Crise diplomática: Brasil convoca embaixador argentino após Milei ofender Lula e Moraes em evento político em SP

O governo brasileiro deu um passo firme na escalada da crise diplomática com a Argentina ao convocar, neste domingo (26), o embaixador argentino no Brasil, Daniel Raimondi, para uma reunião com o ministro das Relações Exteriores, Mauro Vieira. Durante o encontro, o chanceler transmitiu ao diplomata estrangeiro a repulsa do governo brasileiro à fala do presidente argentino Javier Milei, proferida durante sua visita a São Paulo, onde participou do lançamento da candidatura à Presidência da República do senador Flávio Bolsonaro (PL-RJ), filho do ex-presidente Jair Bolsonaro, preso e condenado por tentativa de golpe de Estado, entre outros delitos.

Em nota oficial, o Itamaraty classificou o episódio como inédito nas relações bilaterais: “Não há precedentes de um presidente estrangeiro que, em território nacional, enfeixe agressões e ofensas ao Chefe de Estado, às instituições democráticas, inclusive ao Poder Judiciário, e ao povo brasileiro”. A declaração reflete a gravidade com que o governo brasileiro trata o ocorrido, que já gerou reações em diversas esferas do poder público.

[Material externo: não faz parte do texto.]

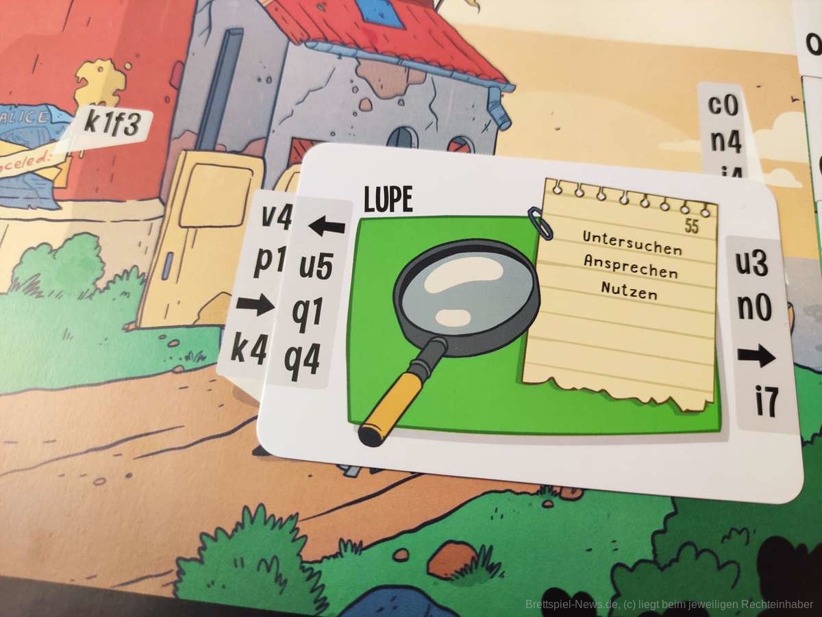 Während zu Beginn nur wenige Gegenstände im Inventar sind, kommen durch Absuchen der Orte mit der Lupen-Karte viele hinzu. Meist müssen diese in irgendeiner Form kombiniert werden, um die Story voranzutreiben. Prinzipiell werden zum Untersuchen oder Kombinieren die Karten entweder aneinandergelegt oder an die entsprechende Stelle im Bild. Ist die Kombination richtig, darf man den Text neben dem Code im Ringbuch oder auf dem beigelegten Poster lesen.

Durante o discurso no evento político, Javier Milei chamou o presidente Luiz Inácio Lula da Silva de “presidiário” e se referiu ao ministro do Supremo Tribunal Federal (STF) Alexandre de Moraes, relator da trama golpista, como “lixo careca”. As ofensas foram proferidas em solo brasileiro, o que agravou ainda mais o teor do protesto formal do governo brasileiro.

Além da convocação do embaixador argentino, o Itamaraty também chamou ao Brasil o representante brasileiro em Buenos Aires, Julio Bitelli, para consultas. A reunião do chanceler Mauro Vieira com Bitelli deve ocorrer nos próximos dias. Na diplomacia, o ato de convocar embaixador de país estrangeiro expressa descontentamento em relação ao governo que ele representa, e a medida simultânea de chamar o próprio embaixador de volta para consultas é um sinal ainda mais forte de insatisfação.

O presidente do Supremo Tribunal Federal (STF), Edson Fachin, também se manifestou sobre o caso. Em nota oficial divulgada no sábado (25), Fachin classificou como “referência desrespeitosa” a declaração de Milei sobre o ministro Alexandre de Moraes, reforçando a defesa das instituições democráticas brasileiras.

O episódio ocorre em meio a um contexto de tensões políticas e diplomáticas na América do Sul. A visita de Milei ao Brasil para apoiar a candidatura de Flávio Bolsonaro já era vista como um gesto de alinhamento com setores da oposição brasileira, mas as ofensas pessoais proferidas pelo presidente argentino elevaram o conflito a um novo patamar. A crise atual se soma a outros atritos recentes entre os dois países, como as divergências sobre políticas comerciais e a posição da Argentina em relação a temas regionais.

Especialistas em relações internacionais apontam que a convocação do embaixador argentino e o chamado do embaixador brasileiro de volta a Brasília são medidas que podem levar a um resfriamento das relações bilaterais, com impactos em áreas como comércio, cooperação energética e integração regional no Mercosul. A expectativa é de que o governo argentino se manifeste oficialmente nos próximos dias, enquanto o Itamaraty aguarda uma retratação formal.